Since we had so many tourists visiting from as far as Hawaii, our wedding stretched into a two-week vacation, filled with meals, toasts and sightseeing that started in Paris and made its way south to Aix-en-Provence. By the time our actual wedding arrived, it seemed as though our guests had become a community, connected by something more than just being on our short list of special people in our lives. One of my favorite snapshots caught by a guest is of my (American) stepmother talking animatedly with Philippe’s (French) grandfather, both heads are thrown back in laughter, totally understanding one another, even though neither spoke a word of the other's language.
Our wedding incorporated both of our cultures: We recited our vows in French and English, and we had a classic tiered American wedding cake as well as a French croquembouche (an impressively tall cone of cream puffs held together by spun caramelized sugar). We were married by a priest and a pastor in small stone church at the top of a hill, surrounded by the people who matter most to us. The whole experience is etched in my heart as the just-right start to my life as a d’Arabian.
The fact that I remember my wedding so fondly this week doesn’t mean it was snag-free. Instead of the rich roses (no greenery!) I had painstakingly chosen from Martha Stewart Weddings, carnations, baby’s breath and what I can refer to only as moss were delivered. My bouquet itself was a white plastic (!) spray that actually eclipsed my hip-span. Yet somehow this didn’t bother the wedding me, as much as it would have sent the engaged me through the roof.

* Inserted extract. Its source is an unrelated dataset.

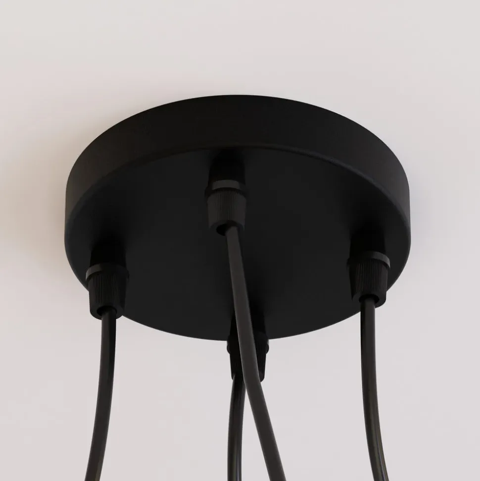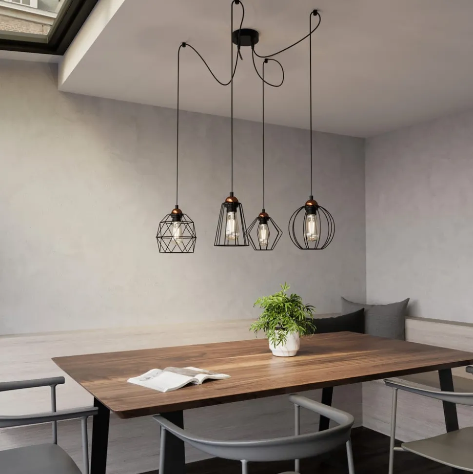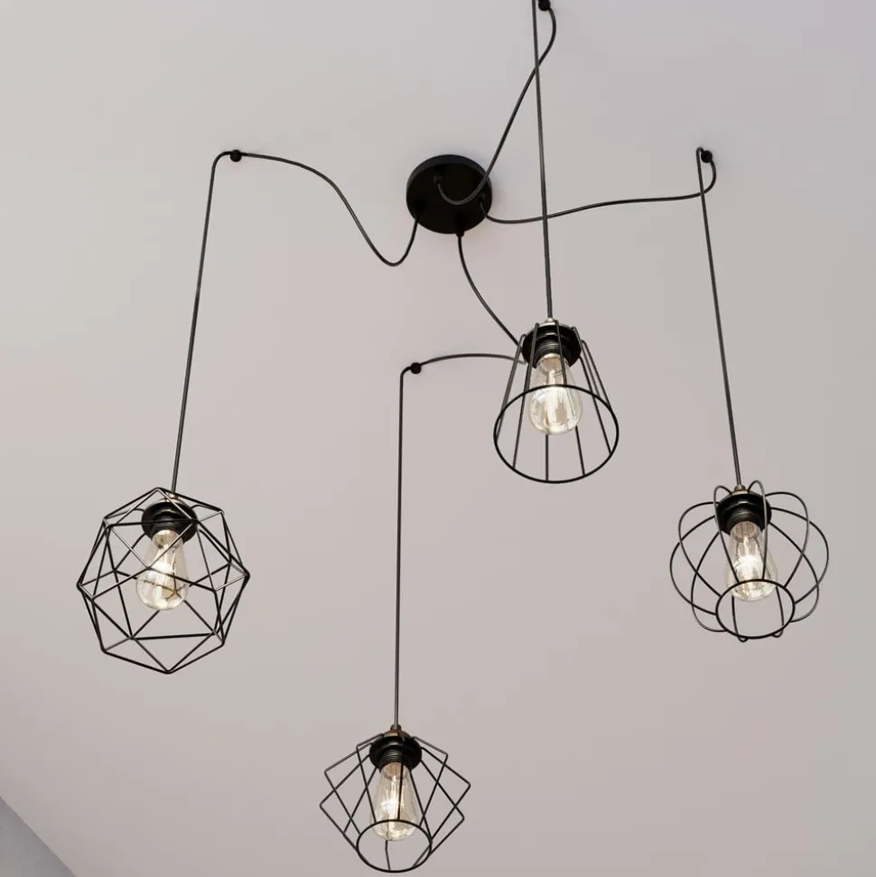 Hengelampen Galaxy med fire burskjermer kombinerer moderne design med funksjonell fleksibilitet. Denne lampen er laget av høykvalitets metall og plast og passer perfekt inn i moderne oppholdsrom som stuer, kjøkken eller spisestuer. Den desentraliserte opphenget gjør det mulig å skreddersy lampen, slik at den gir hvert rom et personlig preg.

And let’s just say that it’s a good thing the experience was “etched in my heart” because the photo processing house that had our negatives went bankrupt (this was before digital was standard), leaving us with only some proofs and a few snapshots for wedding pictures (a situation that would haunt us a year later during Philippe’s final green card interview when he failed to produce a suitable photo album to match the wedding we had described in separate interrogations). Did I mention our wedding band was the French equivalent of Beatlemania? Not because we are huge Beatles fans, but it was the only band I could find locally that could sing convincingly in English. (What bride doesn’t imagine herself swaying dreamily in her wedding dress to "It’s Been a Hard Day’s Night"?)
The engagement, the wedding and the marriage — all three are special to me. But my favorite by far is the marriage. Ten years have flown. And (spoiler alert) we’re renewing our vows this year! Our four daughters will be flower girls, and I’ll probably put it together in about one-tenth the time it took me to plan my wedding. We’ll take pictures this time, and I’m going out on a limb here to say that we probably won’t hear more than a tune or two by the Beatles. For the food, maybe we’ll do something whimsical (and easy) like food trucks — as long as there’s paella.